Set up pre-commit hooks:

uv run pre-commit install

Run pre-commit manually:

uv run pre-commit run --all-files

Quick Start

Running Examples

The quickest way to understand HiBayES is to run an example:

cd examples/skewed_score/q1
uv run dvc repro

Or without DVC:

cd examples/skewed_score/q1
uv run hibayes-full --config files/config.yaml --out .output

Interactive Model Checking

HiBayES includes interactive checks to ensure model appropriateness. For example, prior predictive checks:

Results are saved in the output directory as an analysis_state object containing all analysis results.

Basic Usage

Command Line Interface

HiBayES provides modular commands for each stage of analysis:

Loading Data

Extract eval results from inspect .eval and .json log files. The path to the log files, both s3 and local, can be specified in the config.yaml. You can select from the prebuilt extractors or create your own. By default each inspect sample is extracted as a single pandas row. The extracted data is saved as a .parquet file.
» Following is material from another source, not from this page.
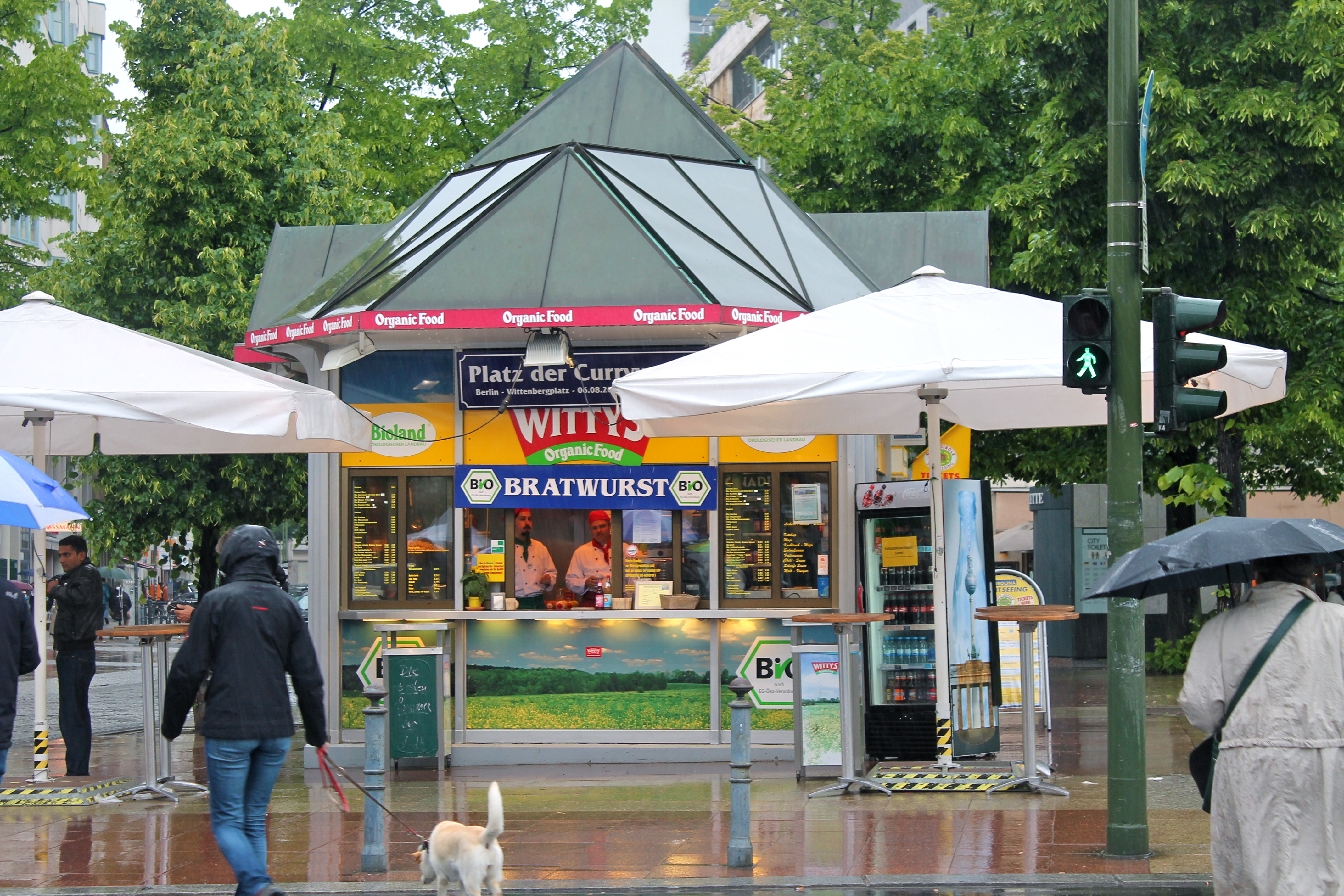 Finally stopping for lunch, we headed to Wittenbergplatz to find an all-natural bratwurst restaurant we had read about.  I figured that if I was still forced to eat sausages on the last day, I might as well try and have a healthier one, right?  We walked around in circles in Wittenbergplatz before giving up and heading back down to the metro.  Just as we started down the stairs though, we looked left and realized that the all-natural sausage “restaurant”….was actually a food cart!  So we got our brats and ate them in the forever falling rain!  It was delicious.  Success!

uv run hibayes-load --config <path-to-config.yaml> \
    --out <path-to-store-processed-data>

Processing Data

Filtering and processing data happening in a separate stage in HiBayES. Any pandas operation is possible. The extracted data is immutable, a new processed data object is created. As part of the processing stage jax arrays are extracted which are then used in modelling, this happens at the end of the processing stage. You will note the appearance of the AnalysisState, this object flows through the entire HiBayES process. Here, fitted models, processed data, logs and everything needed to produce the analysis is saved.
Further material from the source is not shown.